### [BRIEF]
Return verbatim the lines that run from the one holding "Babu Doukale Girls'" to the end of the listing, both ends included, without the pictures.

### [MATERIAL PROVIDED]
____

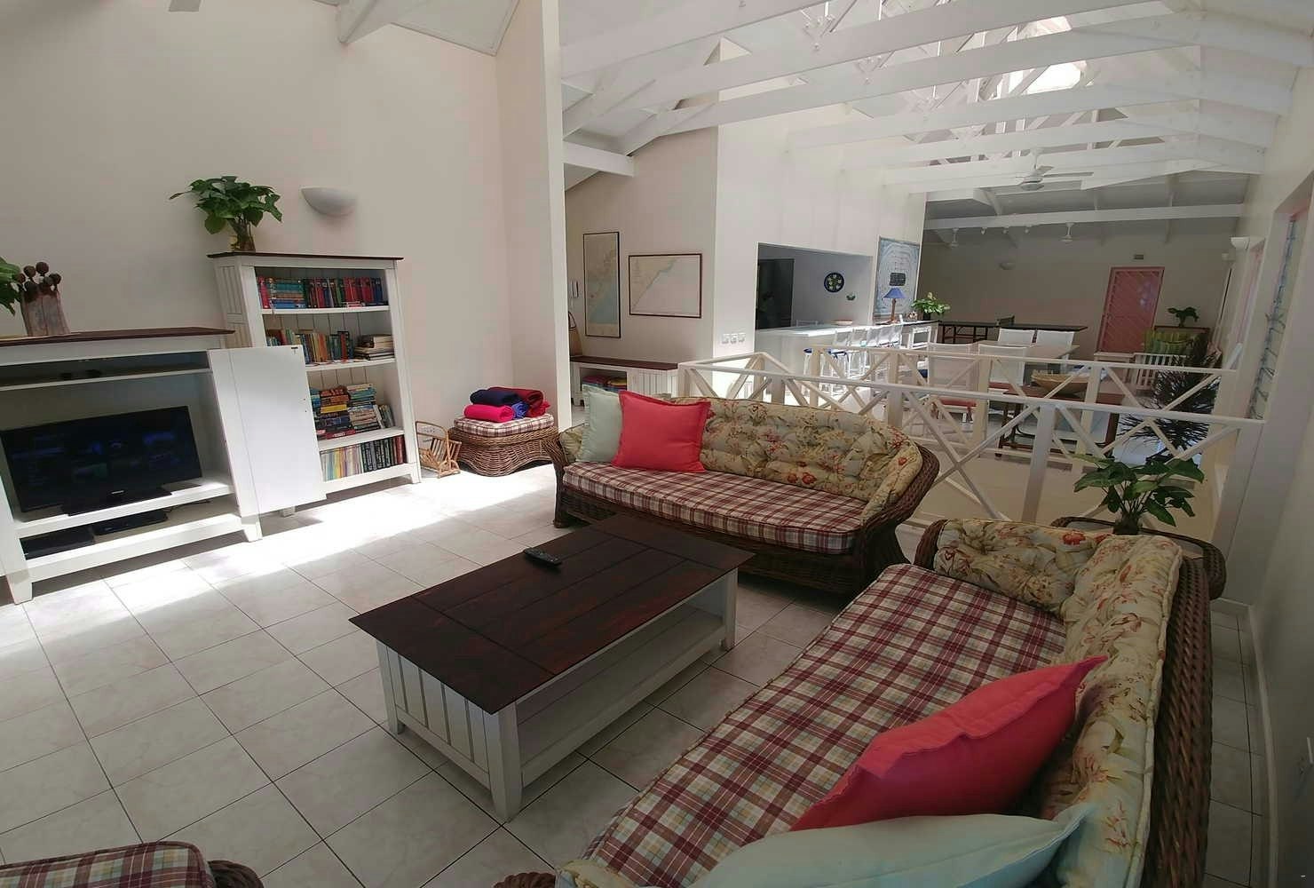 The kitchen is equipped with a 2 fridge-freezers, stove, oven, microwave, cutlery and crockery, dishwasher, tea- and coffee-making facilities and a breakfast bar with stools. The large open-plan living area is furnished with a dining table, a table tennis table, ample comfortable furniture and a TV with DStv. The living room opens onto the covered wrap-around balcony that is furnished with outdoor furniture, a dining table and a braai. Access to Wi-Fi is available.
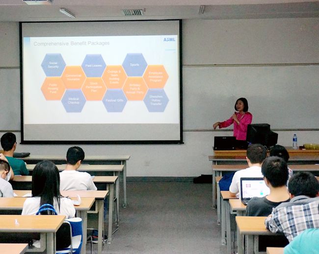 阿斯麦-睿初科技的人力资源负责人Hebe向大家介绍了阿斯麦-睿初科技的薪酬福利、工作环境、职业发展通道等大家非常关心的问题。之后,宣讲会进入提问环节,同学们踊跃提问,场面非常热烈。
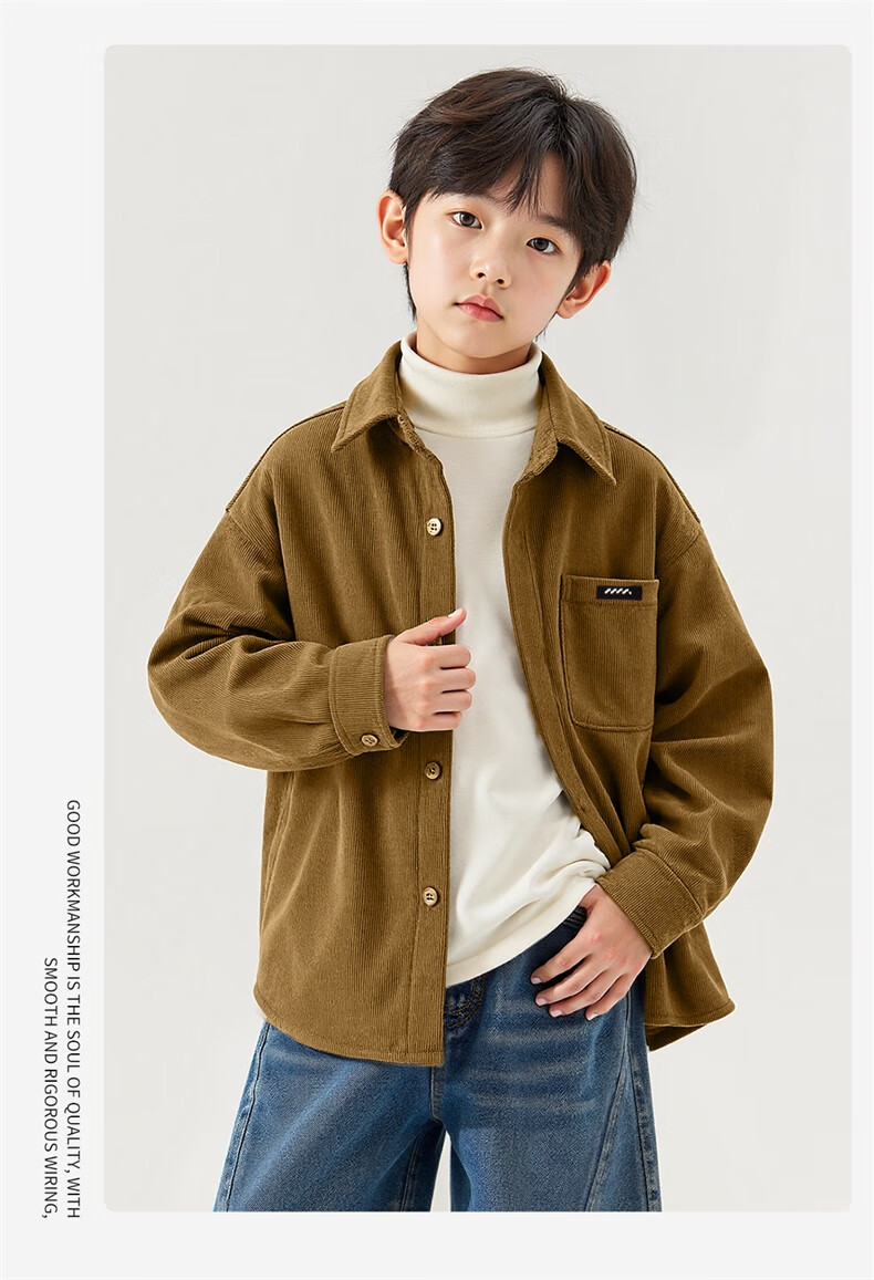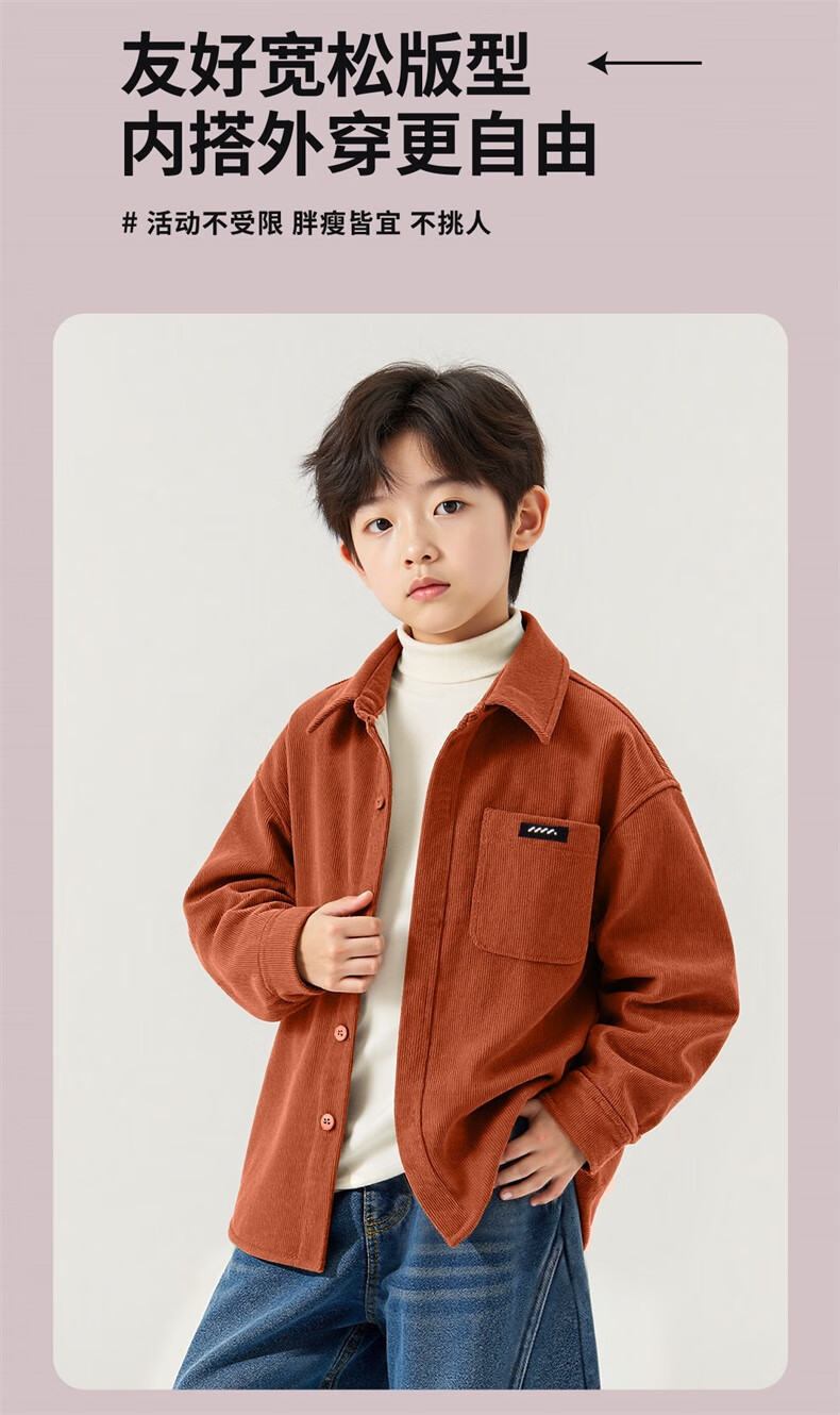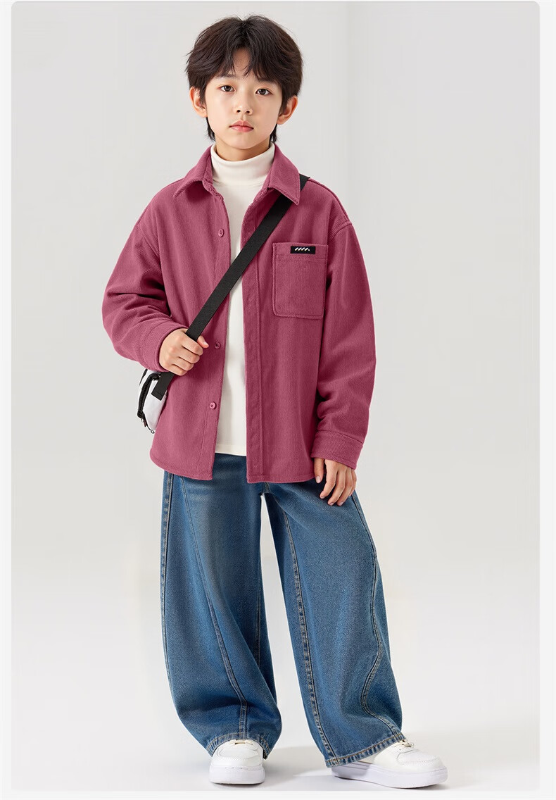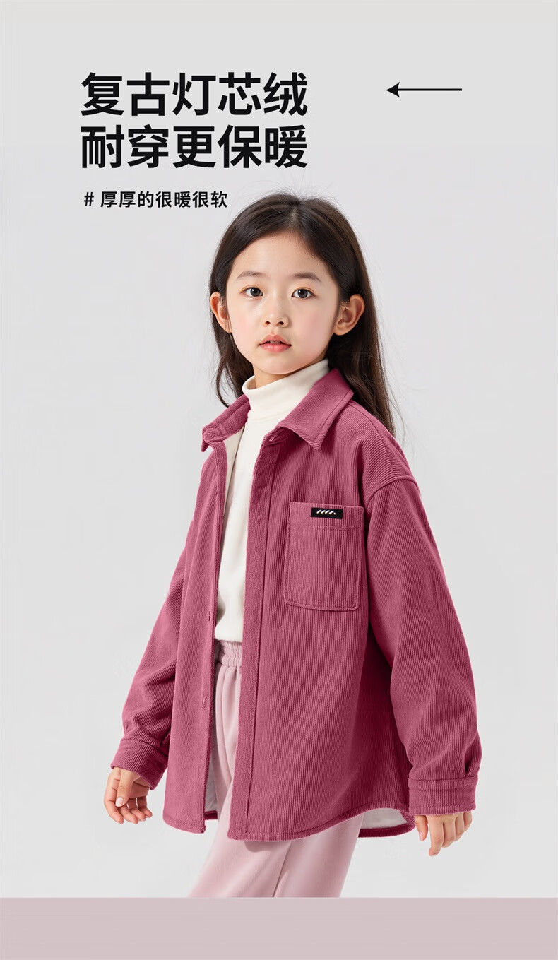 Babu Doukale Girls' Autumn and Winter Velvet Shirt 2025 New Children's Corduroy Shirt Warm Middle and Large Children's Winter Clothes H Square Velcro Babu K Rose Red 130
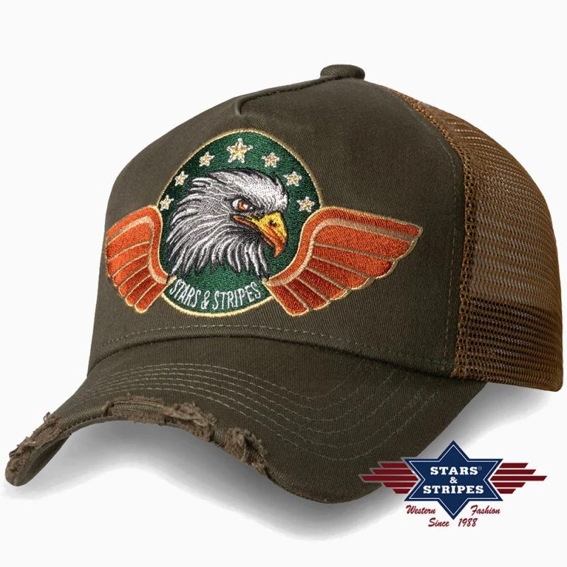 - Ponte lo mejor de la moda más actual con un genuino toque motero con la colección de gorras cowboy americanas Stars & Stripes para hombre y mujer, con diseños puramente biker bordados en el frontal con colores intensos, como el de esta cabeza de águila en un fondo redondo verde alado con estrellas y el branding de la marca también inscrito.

____

### [FINISHED TASK]
 Babu Doukale Girls' Autumn and Winter Velvet Shirt 2025 New Children's Corduroy Shirt Warm Middle and Large Children's Winter Clothes H Square Velcro Babu K Rose Red 130
 - Ponte lo mejor de la moda más actual con un genuino toque motero con la colección de gorras cowboy americanas Stars & Stripes para hombre y mujer, con diseños puramente biker bordados en el frontal con colores intensos, como el de esta cabeza de águila en un fondo redondo verde alado con estrellas y el branding de la marca también inscrito.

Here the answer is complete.